§ Excerpted records:
· · · ·

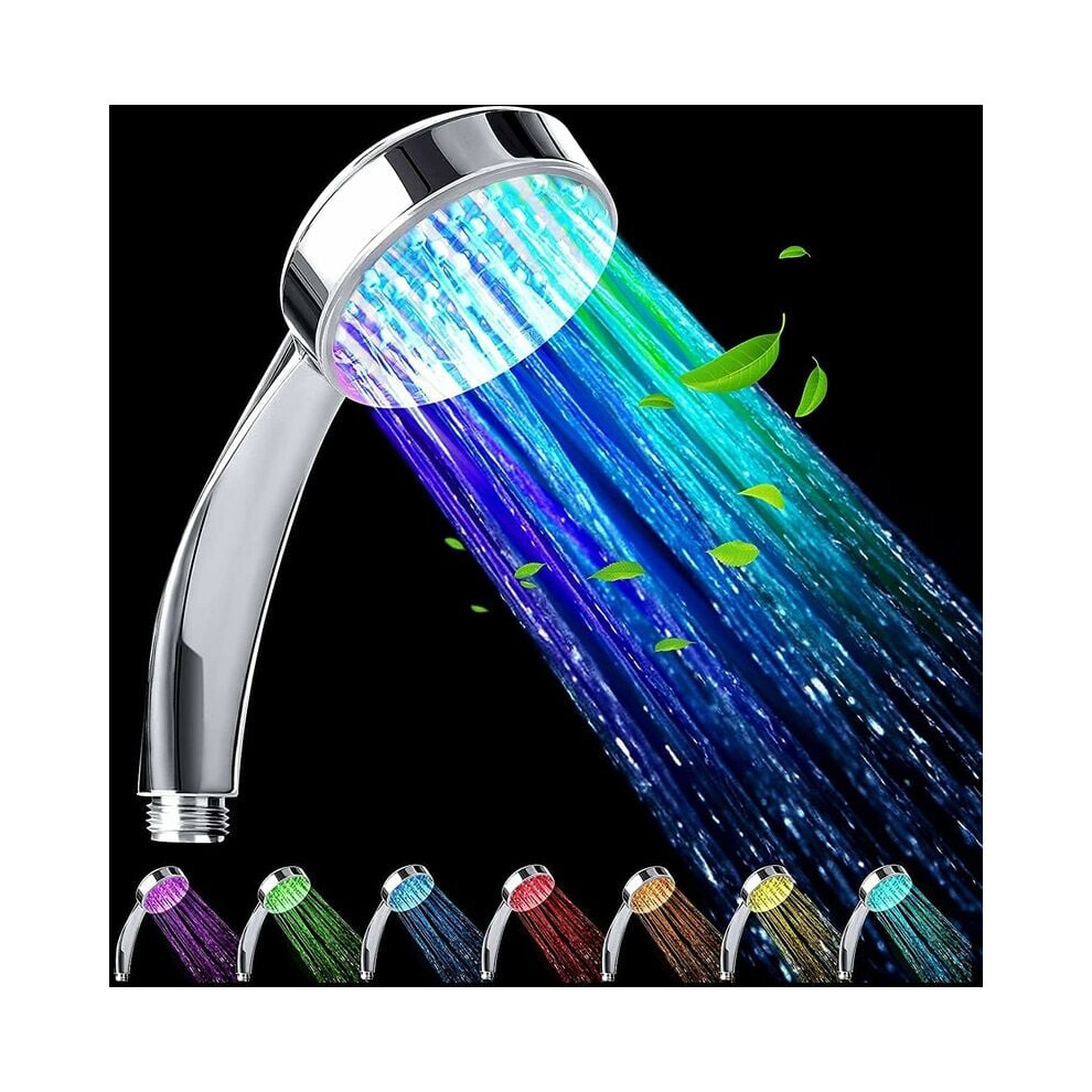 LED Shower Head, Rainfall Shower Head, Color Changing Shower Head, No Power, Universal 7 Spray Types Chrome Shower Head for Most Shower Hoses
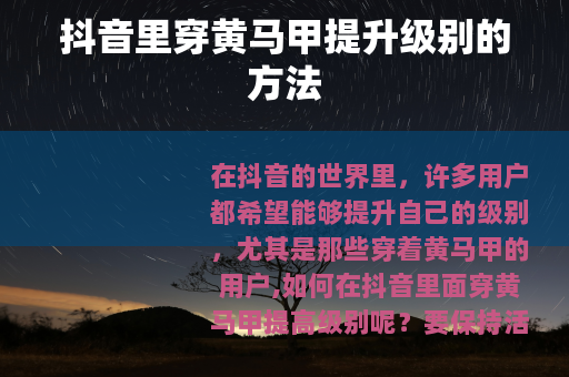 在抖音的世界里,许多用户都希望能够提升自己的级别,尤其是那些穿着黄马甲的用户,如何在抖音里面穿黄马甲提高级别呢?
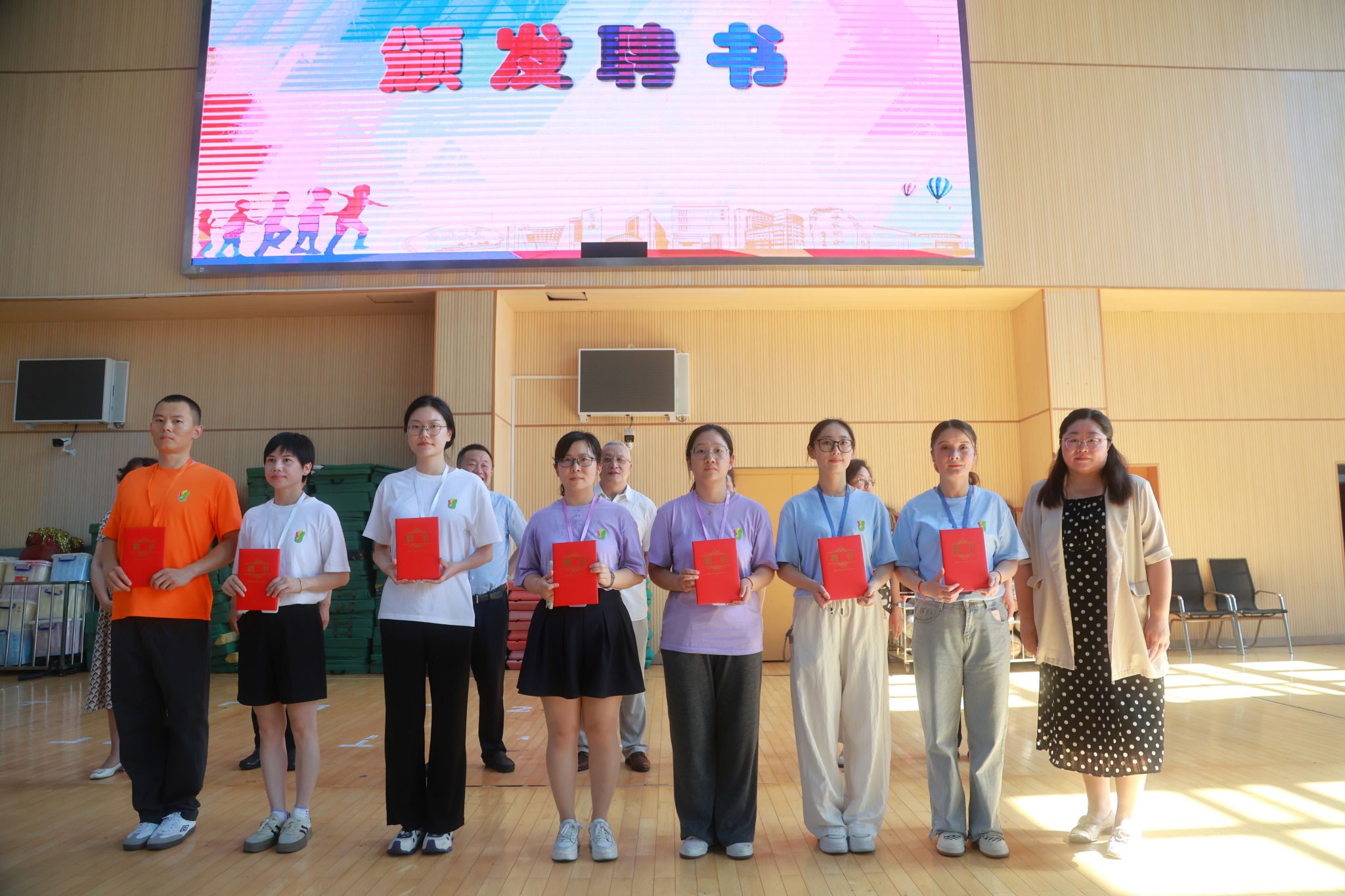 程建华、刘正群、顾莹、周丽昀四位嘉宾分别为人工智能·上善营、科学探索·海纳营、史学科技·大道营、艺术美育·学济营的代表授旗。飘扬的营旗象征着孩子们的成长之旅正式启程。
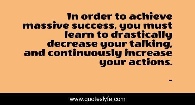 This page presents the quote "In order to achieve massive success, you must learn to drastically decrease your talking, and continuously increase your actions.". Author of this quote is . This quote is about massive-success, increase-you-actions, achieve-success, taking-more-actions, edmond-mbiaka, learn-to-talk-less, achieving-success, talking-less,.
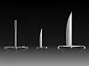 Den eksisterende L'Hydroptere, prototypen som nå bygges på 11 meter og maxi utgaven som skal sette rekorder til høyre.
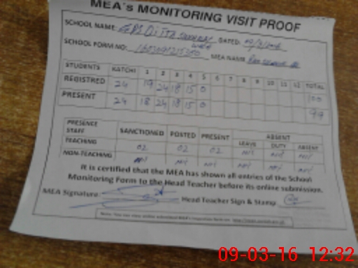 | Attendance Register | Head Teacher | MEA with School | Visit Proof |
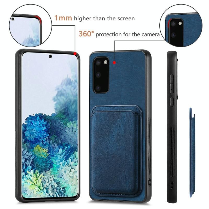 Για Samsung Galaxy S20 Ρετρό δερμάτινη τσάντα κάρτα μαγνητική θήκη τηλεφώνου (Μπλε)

· · · ·

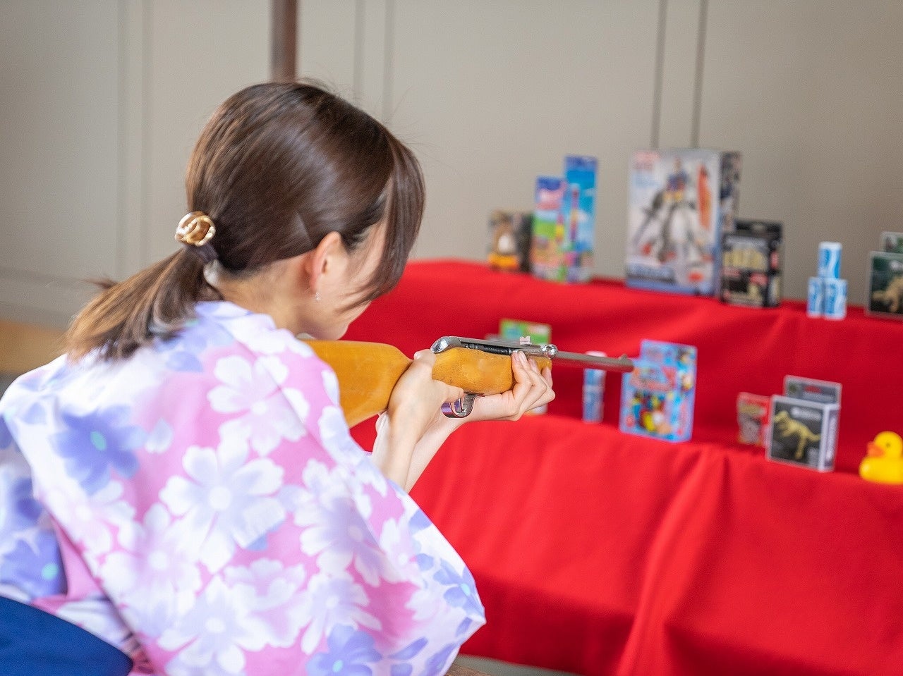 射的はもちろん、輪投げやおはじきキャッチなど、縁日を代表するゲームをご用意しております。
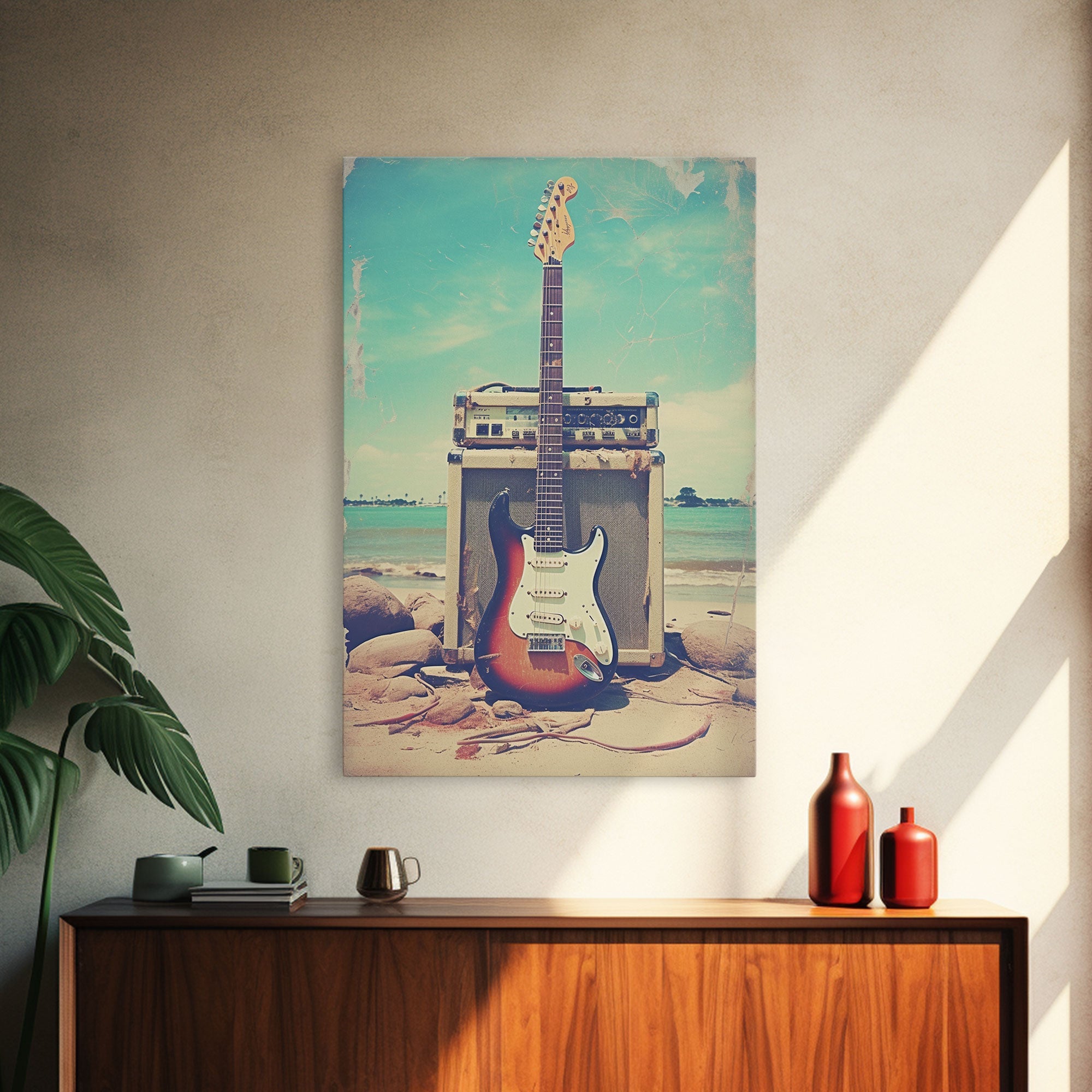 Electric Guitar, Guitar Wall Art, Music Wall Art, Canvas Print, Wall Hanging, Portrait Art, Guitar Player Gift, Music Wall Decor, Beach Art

· · · ·

§ Your goal: Copy the lines above exactly, starting with the line that contains "在抖音的世界里,许多用户都希" and ending with the line that contains "Για Samsung Galaxy", and leave out any pictures.

§ Problem solution:
 在抖音的世界里,许多用户都希望能够提升自己的级别,尤其是那些穿着黄马甲的用户,如何在抖音里面穿黄马甲提高级别呢?
 程建华、刘正群、顾莹、周丽昀四位嘉宾分别为人工智能·上善营、科学探索·海纳营、史学科技·大道营、艺术美育·学济营的代表授旗。飘扬的营旗象征着孩子们的成长之旅正式启程。
 This page presents the quote "In order to achieve massive success, you must learn to drastically decrease your talking, and continuously increase your actions.". Author of this quote is . This quote is about massive-success, increase-you-actions, achieve-success, taking-more-actions, edmond-mbiaka, learn-to-talk-less, achieving-success, talking-less,.
 Den eksisterende L'Hydroptere, prototypen som nå bygges på 11 meter og maxi utgaven som skal sette rekorder til høyre.
 | Attendance Register | Head Teacher | MEA with School | Visit Proof |
 Για Samsung Galaxy S20 Ρετρό δερμάτινη τσάντα κάρτα μαγνητική θήκη τηλεφώνου (Μπλε)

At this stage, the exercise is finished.